OlympicTalk: Two years ago, we were all concerned about Allison Schmitt after she failed to make the World Championships team. She’s swimming well again. What happened in the last two years? 

Bowman: She’s really just gone through some very tough times, battling depression, and she’s kind of come out the other side. I think she’s really worked very hard on her mental aspects of swimming. The physical was never really a question. She’s trying to put all the pieces together. And now she’s really kind of become a much stronger person, and it’s really showing. Her training is as good as it’s ever been.

Editor’s Note: Bowman expects Schmitt to swim three events at the Olympic Trials — 100m, 200m and 400m freestyles. Schmitt took gold in the 200m and silver in the 400m at the 2012 Olympics.

MORE: Phelps’ concussion, more highlights from ‘The Golden Rules’

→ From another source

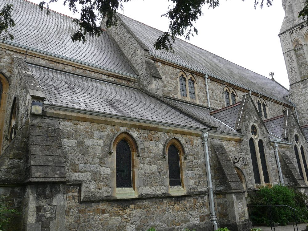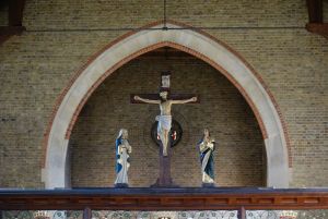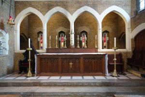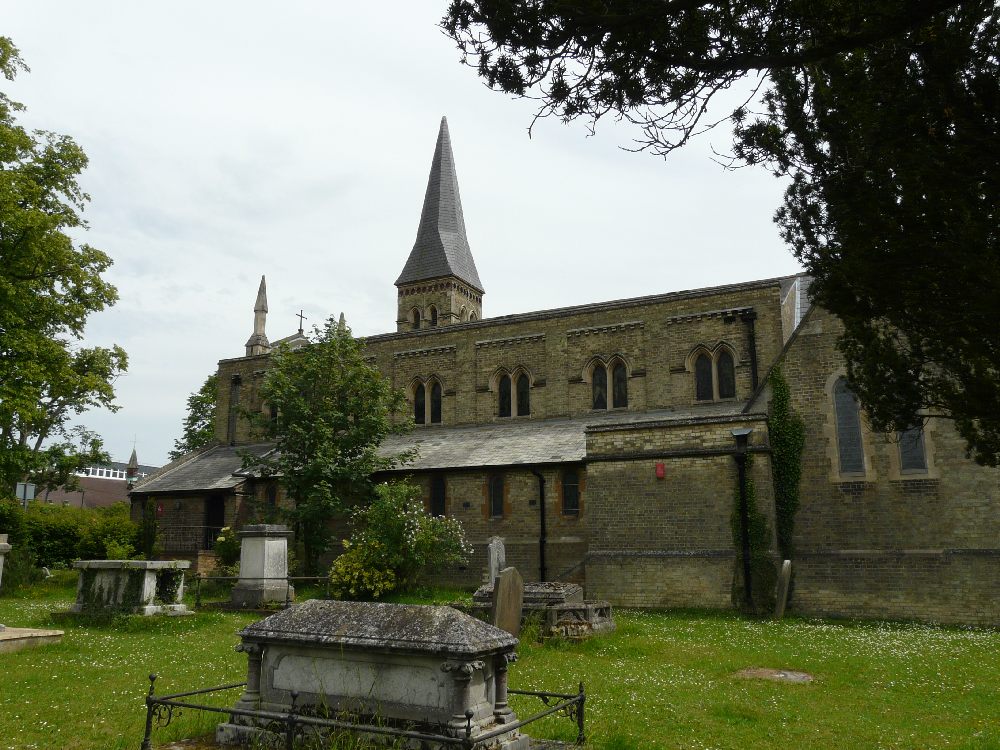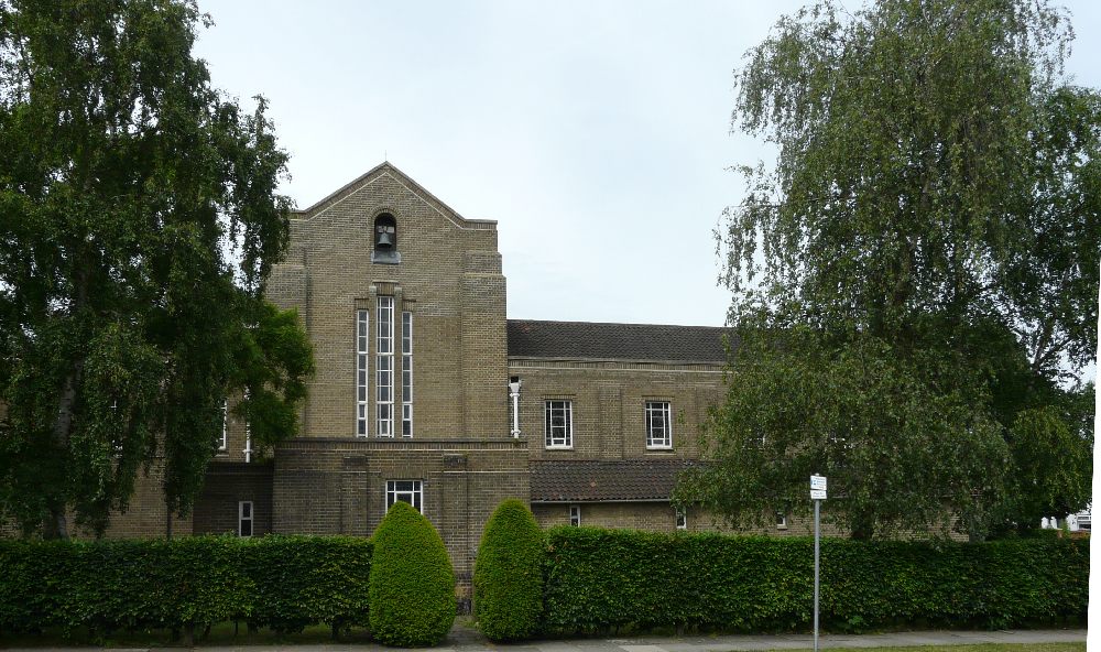 In quiet suburbia near the station, a church of 1939-41 by Cyril Farey. There are many windows by Margaret Edith Rope, a selection of which are shown here. The modern Stations of the Cross include the less usual 15th – Resurrection. The font comes from the former City church of St Katherine Coleman.

OlympicTalk: Other than those you’ve coached, who is the most impressive swimmer you’ve seen?

Bowman: I’d have to say [Katie] Ledecky. She has been so consistent at such a high level. Someone asked me about the most amazing swims I’ve ever seen are, and I’m going to have to say that one of them is certainly Katie’s 8:06 that she swam in Austin [an 800m freestyle world record on Jan. 17]. 4:03/4:03 [splits]. For a long time, 4:03 was a world record [in the 400m freestyle], and I thought it would never be touched. To do two of those? Absolutely amazing.

OlympicTalk: What about international swimmers?

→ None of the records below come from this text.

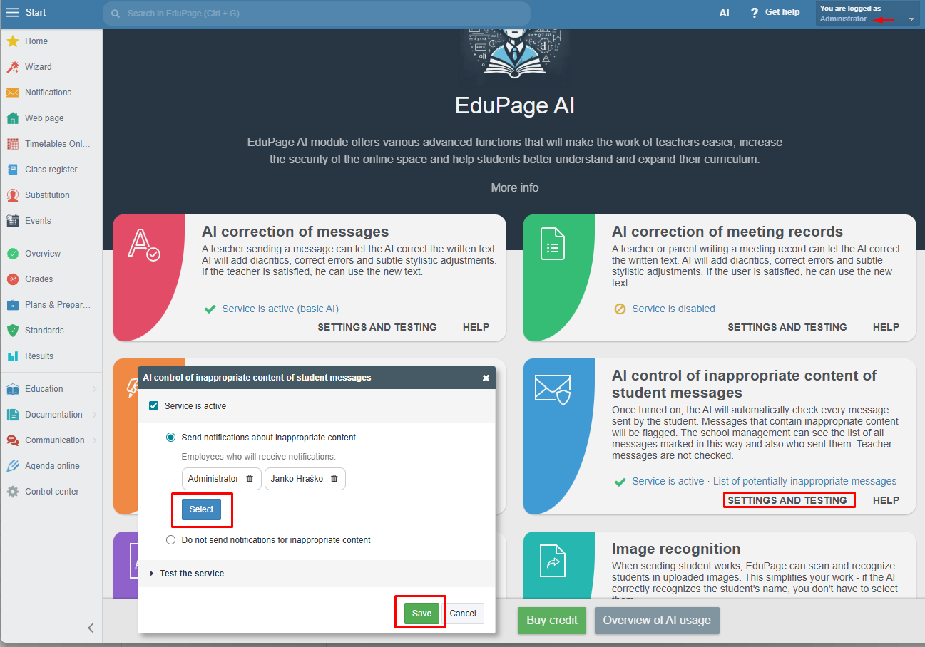 By default, inappropriate content notifications are sent to the school administrator. Since the administrator account does not have a mobile app login, they do not receive instant notifications. It is therefore advisable to add one or more employees who use the mobile app. Most messages likely will not require immediate action or any action at all—for example, when children occasionally use inappropriate language. However, at the very least, you will have greater peace of mind knowing that nothing is happening at school via EduPage that would require immediate assistance for a student.
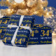 Este design de papel de embrulho apresenta uma mensagem como "First-Name’s 34th BIRTHDAY!", com o "34º" a ter uma aparência falsa/de cor dourada. O nome pode ser personalizado e o plano de fundo tem cor azul. Talvez possa ser utilizado quando se dá presentes para o trigésimo quarto aniversário de alguém. [~Z0000181]
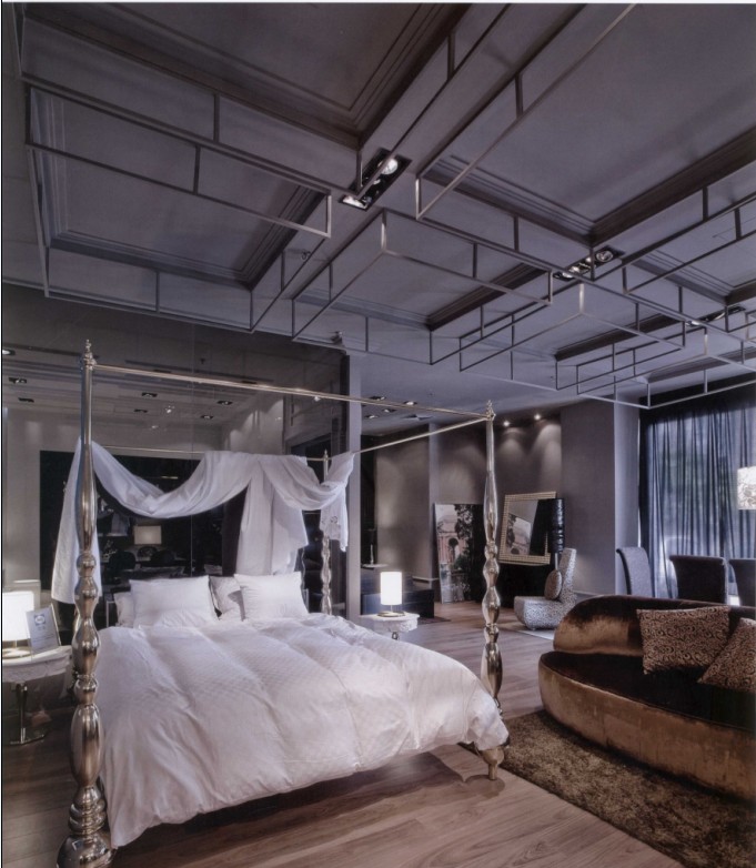 大氣而不俗的風(fēng)格定位,讓本案設(shè)計(jì)必須配合新古典主義的風(fēng)尚和簡約寫意的風(fēng)格。室內(nèi)基本比較簡潔,利用黑白兩個(gè)分區(qū)把新古典主義和現(xiàn)代風(fēng)格區(qū)分開來,深色玻璃讓兩個(gè)空間分開的同時(shí)又相互聯(lián)系。高貴而大氣是本案的核心品質(zhì),室內(nèi)設(shè)計(jì)必須努力做到這一點(diǎn),才能與之相一致。當(dāng)人站在深色的空間時(shí),遠(yuǎn)處淺色的空間也同樣吸引著你的視線。淺色空間里帶有金屬光澤的家具足以吸引人們進(jìn)另一個(gè)空間,這就利用了視覺心理,讓人們的視線在這個(gè)空間彼此交替。
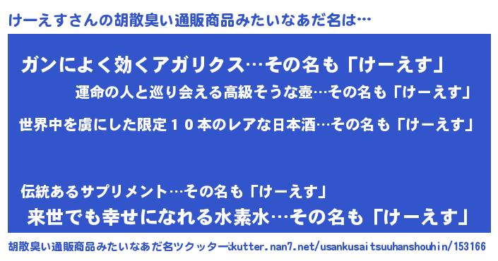 | ヘコむあだ名 | 『けーえす(苦笑)』『牛乳』 |

Bowman: I’ve always been a big Ian Thorpe fan. He’s such an incredible swimmer at his peak. There have been so many. [Kosuke] Kitajima the breaststroker. There have been some really, really kind of dominant swimmers during their window in time. Which, as I see that now, I’m even more amazed that Michael’s been able to maintain that level for so long.

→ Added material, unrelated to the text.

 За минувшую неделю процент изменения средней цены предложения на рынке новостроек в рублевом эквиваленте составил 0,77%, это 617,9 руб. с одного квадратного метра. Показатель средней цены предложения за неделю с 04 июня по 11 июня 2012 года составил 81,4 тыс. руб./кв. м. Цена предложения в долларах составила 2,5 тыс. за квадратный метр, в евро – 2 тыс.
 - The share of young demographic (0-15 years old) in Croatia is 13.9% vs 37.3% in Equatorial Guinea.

OlympicTalk: What’s your favorite of Phelps’ Olympic swims?

Bowman: That’s hard to say. His best in terms of just a pure performance was his 200m free in Beijing [then a world record; Phelps has said that’s his best swim at an Olympics]. A dominating performance. My personal favorite is the 4:03 [400m individual medley] from Beijing [still a world record]. But I also love his 400m IM from Athens, his first gold medal. So those are kind of my top three.

OlympicTalk: We’ve all heard the stories of Phelps in Sydney in 2000, forgetting his credential and leaving his suit strings untied. What do you remember about those Games?

Bowman: I remember that we were so happy to be there, and the thing I loved is he got faster. Every time he swam, he got faster. He did a best time every time he swam. But there was so much more left to do. I’ve just seen a video, NBC’s doing a little promo this week, they show him diving in in Sydney. He kicks his legs back. He doesn’t kick underwater. There are like a million things he could have done better. So that’s what I remember. He was just a kid having fun.

OlympicTalk: Did you make any rookie Olympic mistakes as a coach in Atlanta or Sydney?

Bowman: No, because the kid [I coached in Atlanta] was the same age as me [laughs]. I didn’t have to do anything. Eric Wunderlich, he trained himself [Wunderlich was 26 in Atlanta; Bowman was 32]. Actually, in Sydney, I don’t know if I made any mistakes, but I probably just didn’t know how the game was played. It was just inexperience in the schedule, reminding Michael to have his credential. Those kinds of things. I think that’s what I didn’t really think of.